Als ich ins Kirchenschiff zurückkehrte, saß Sam aufrecht da und atmete wieder normal. Ihr Gesicht wirkte zwar angespannt und war schweißbedeckt, aber sie lächelte mir schwach zu. Allerdings vermied sie es, den am Strick baumelnden Priester anzusehen.
»Tut mir leid, Brodie, ich bin einfach ...«
»Ich wäre selbst fast umgekippt. Sollen wir jetzt die Hüter des Gesetzes informieren?«
Im selben Moment drangen Stimmen aus dem Gang zum Hinterzimmer herein. Gleich darauf riss die kleine Frau, die draußen so hilfreich gewesen war, den Vorhang auf und stürmte in die Kirche, zwei Freundinnen im Schlepptau. Alle drei trugen schwarze Mäntel und umklammerten ebenfalls schwarze Handtaschen.
»Bleiben Sie, wo Sie sind!«, rief ich, aber sie hatten zu viel Schwung, kamen erst kurz vor uns zum Stehen und fragten: »Wat geht hia vor? Welchet Recht ham se überhaupt, in unsere Kirche einzubrechn?«
Und dann sah eine der Freundinnen, was los war. Sah ihn.
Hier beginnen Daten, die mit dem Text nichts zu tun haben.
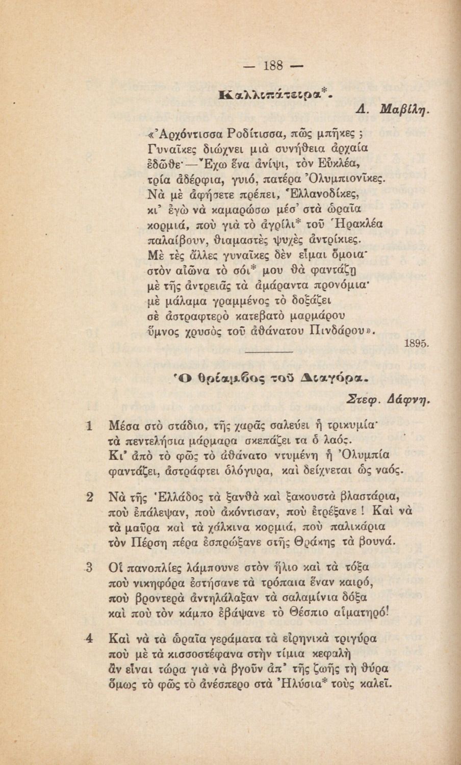 Σχολικό εγχειρίδιο για την Β΄ Γυμνασίου και την Γ΄ Αστικού Θηλέων για το μάθημα των Νέων Ελληνικών. Το εγχειρίδιο αποτελείται από κείμενα πεζού λόγου, επικολυρικά ποιήματα, ωδές, ηθογραφικά διηγήματα, ρητορικά

»Ach du lieba Gott, Mutta Maria und Jesus ...«
»Oh mein Gott, Lizzie!«
Dann kreischten sie los. Kurzerhand scheuchte ich sie zurück in den Gang, während sie mich abwechselnd schlimmer Dinge bezichtigten und ihren Schöpfer anriefen. Durch das Hinterzimmer dirigierte ich sie nach draußen. Dort blieb ich stehen und versuchte, mir Gehör bei den schockierten alten Damen zu verschaffen. »Gehen Sie nicht wieder dort hinein. Und sorgen Sie bitte auch dafür, dass kein anderer die Kirche betritt. Kann eine von Ihnen vom nächsten Telefonhäuschen aus die Polizei verständigen?«
Das Trio schnatterte weiterhin wild und hysterisch durcheinander.
»Meine Damen, wir brauchen Ihre Hilfe! Bitte rufen Sie die Polizei an!«
Sie ließen mich so abrupt stehen, als läge es wirklich im Bereich des Möglichen, dass ich mich nach meiner Ankunft in die Kirche geschlichen, den Priester überwältigt und nackt ausgezogen hätte, um schließlich einen Strick um die Orgelpfeifen zu legen und ihn daran aufzuknüpfen.
Vor Aufregung stolpernd und dicht aneinandergedrängt verschwand das Trio um die nächste Ecke; die Damen gaben Laute von sich wie eine Robbenkolonie, die gerade von einem Schwarm riesiger Raubvögel angegriffen wurde.
Ich kehrte in die Kirche zurück. Sam, die mittlerweile in den Vorraum gegangen war, blickte auf, als ich hereinkam. Auf ihrem blassen Gesicht zeichneten sich rötliche Flecken ab.